§ **Work item**: The exercise calls for exact output of the lines between the one that contains "Po czterech minutach" and the end of the data, with both ends kept and pictures left out.

§ **Provided data**:
--
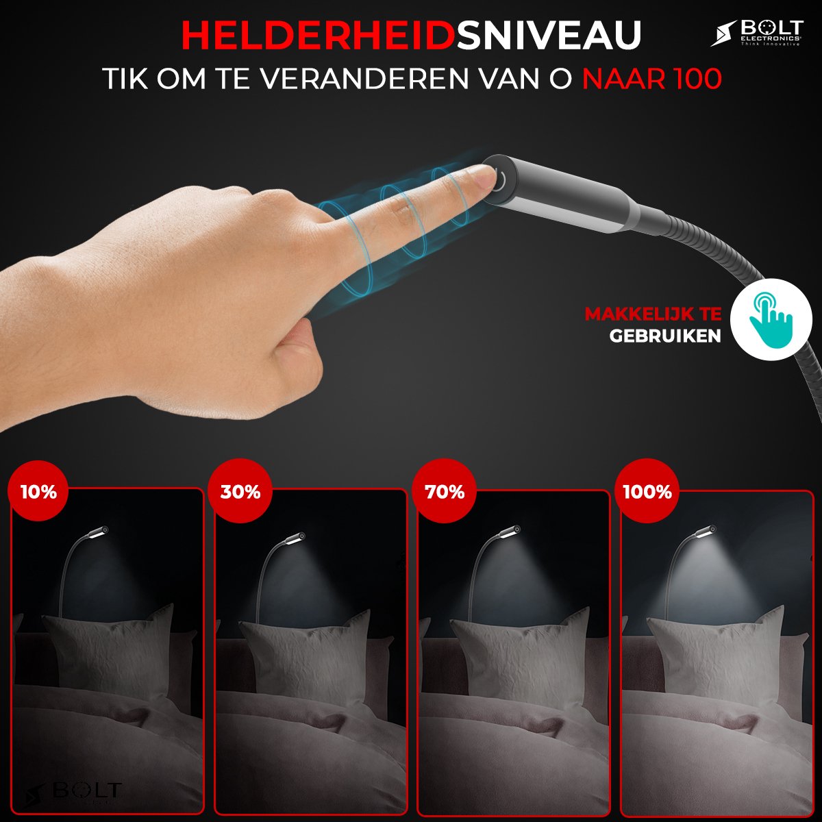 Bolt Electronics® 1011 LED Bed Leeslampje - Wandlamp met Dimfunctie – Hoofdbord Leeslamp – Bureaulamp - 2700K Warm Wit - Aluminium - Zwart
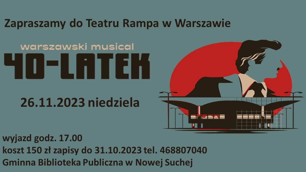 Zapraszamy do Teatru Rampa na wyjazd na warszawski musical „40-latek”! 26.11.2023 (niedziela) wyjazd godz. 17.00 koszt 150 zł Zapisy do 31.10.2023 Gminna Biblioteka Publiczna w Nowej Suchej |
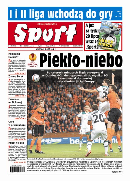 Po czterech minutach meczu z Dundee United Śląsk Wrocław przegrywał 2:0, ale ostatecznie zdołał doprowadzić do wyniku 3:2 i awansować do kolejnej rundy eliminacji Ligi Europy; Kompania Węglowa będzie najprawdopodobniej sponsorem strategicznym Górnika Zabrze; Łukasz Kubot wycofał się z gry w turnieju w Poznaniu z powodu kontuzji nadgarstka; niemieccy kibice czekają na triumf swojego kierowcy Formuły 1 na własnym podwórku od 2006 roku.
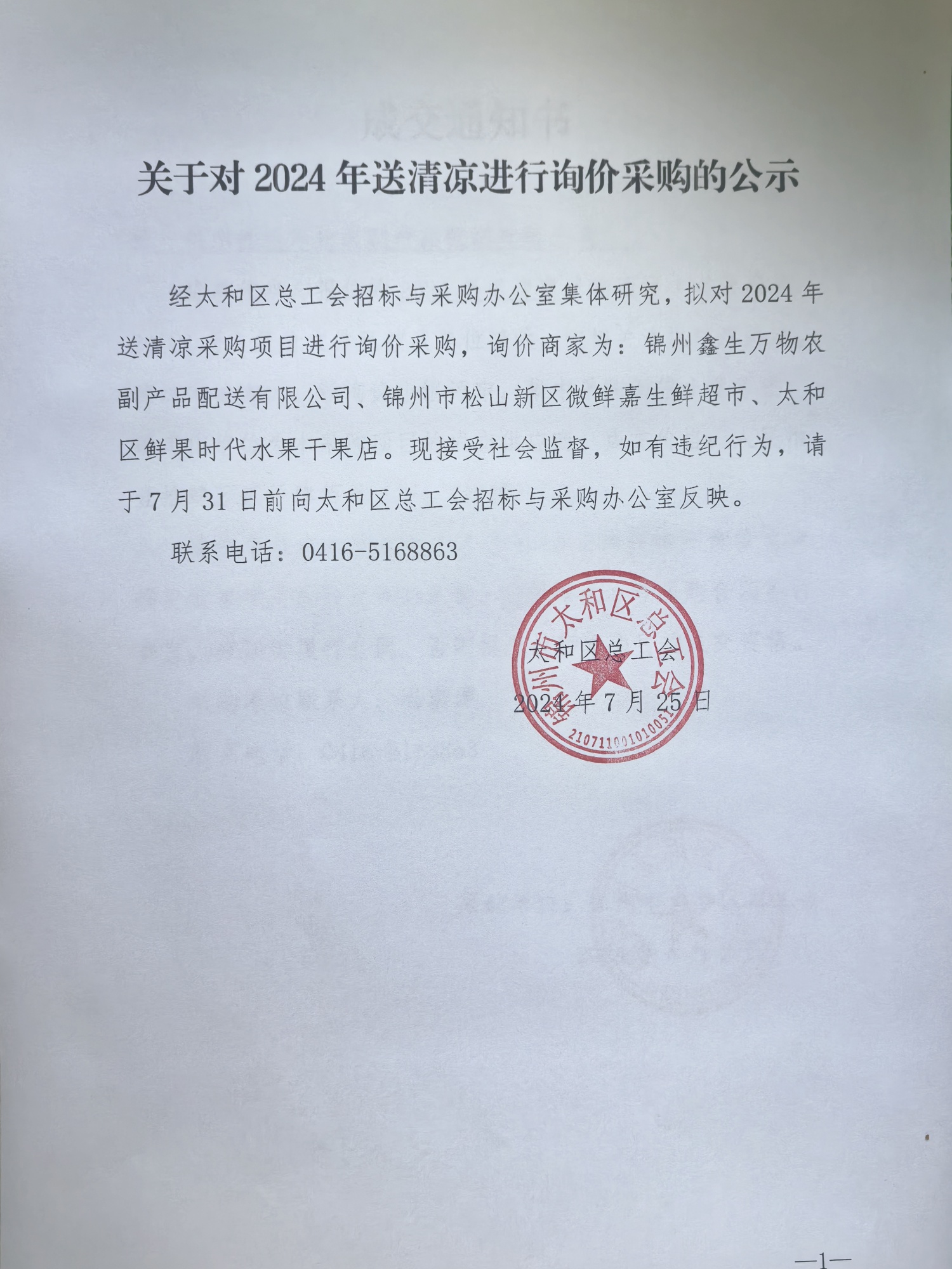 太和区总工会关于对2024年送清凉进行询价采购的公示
--
§ **Solution to this task**:
 Po czterech minutach meczu z Dundee United Śląsk Wrocław przegrywał 2:0, ale ostatecznie zdołał doprowadzić do wyniku 3:2 i awansować do kolejnej rundy eliminacji Ligi Europy; Kompania Węglowa będzie najprawdopodobniej sponsorem strategicznym Górnika Zabrze; Łukasz Kubot wycofał się z gry w turnieju w Poznaniu z powodu kontuzji nadgarstka; niemieccy kibice czekają na triumf swojego kierowcy Formuły 1 na własnym podwórku od 2006 roku.
 太和区总工会关于对2024年送清凉进行询价采购的公示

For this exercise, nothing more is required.